Jefferson had chosen to take the more delicate approach: he'd spring the question on her randomly, hoping to startle her into answering; all he accomplished was a disapproving frown and a firm, "Go away, Jefferson."

"Why do you keep asking me that?" she hissed.

"Because you're not telling me."

"Why do you need to know?"

"Belle," he said in an injured tone, "we're a couple. We can't keep secrets from one another!"

"Shh!" she said, looking toward Professor Binns. Jefferson pulled out his wand, and muttered, "Muffliato."

"All right, go on," he said eagerly, motioning for her to talk. Belle twitched her mouth back and forth a few times.

"Fine," she relented. "But you can't tell anyone—not even those two," she said, jutting her head toward Neal and Emma.

"Won't breathe a word," he promised. "Now, come on."

She looked around guiltily for a minute. "He asked me to help him with Charms."

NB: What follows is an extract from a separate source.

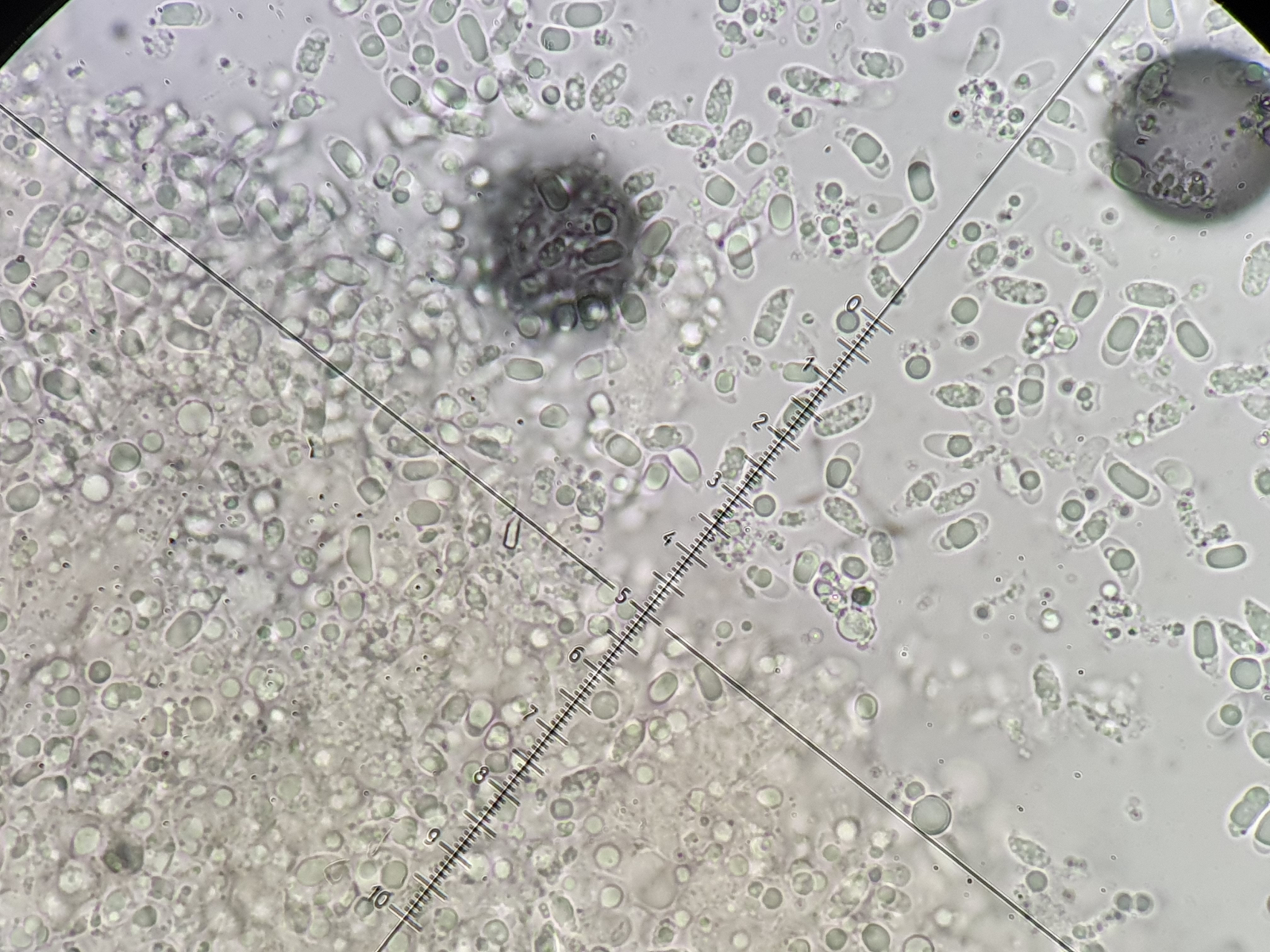 Ich denke das passt so auf jeden Fall. Anbei noch ein Bild, was ich toll fand, weil es fast ein wenig den dreidimensionalen Blick durchs Mikroskop wiedergibt/erahnen lässt. Mit viel gutem Willen und dem Zudrücken aller Hühneraugen lässt sich dort im Gewusel eine ramponierte Basidie erkennen. (Könnte aber alles auch Einbildung sein

"Oh." Jefferson felt slightly disappointed. "Is that it?"

"Yes," she said, frowning. "Sorry, not dramatic enough for you?"

"Well…" He tilted his hand back and forth. "It's a bit lackluster, yeah."

"Sorry," she said shortly, going back to her notes.

"No, no, don't get offended. I'm just saying, I thought it was going to be something like, 'Belle, I've killed a hippogriff, help me hide the body' or something." Jefferson picked up his quill again. "Why'd he ask you for help, anyway?"

She frowned at him. "What is that supposed to mean?"

He shrugged. "Well, if I were Jones, I'd have asked the best person in our year."

"Right," she said dangerously. "And he did."

"No. He asked you." He glanced at her darkening face. "Don't get angry, you're still the second-best."

"You think you're better than me?"

"Frankly, yes."

"Oh, really?" she said, her voice turning shrill. "Care to test that theory?"

"Mmm," he said absently.

"Wizard's duel. Next Hogsmeade visit."

"All right," he said, frowning at Emma's purple flame, which was dancing closer and closer to Ruby Lucas's braid.

"And make sure you stock up on your defensive spells, because—"

"Right, yeah. Aquamenti!" he shouted suddenly, sending a jet of water at Ruby's smoldering braid. Ruby shrieked, covering her head with her hands, while Binns plowed on, not noticing the scene before him.

"…Augustus Pensky legally defended Ragnok before the Wizengamot Council, even though later that year he would found the Organization of Goblin Restriction…"

Belle glared at him as he gave her a self-satisfied smile and stowed his wand away, ignoring Ruby's furious look in his direction. "Is that supposed to be impressive?" she snapped.

"Just doing my civic duty," he shrugged. "Why, are you impressed?"

"Not really."

"Good. If you were, that duel would be too easy."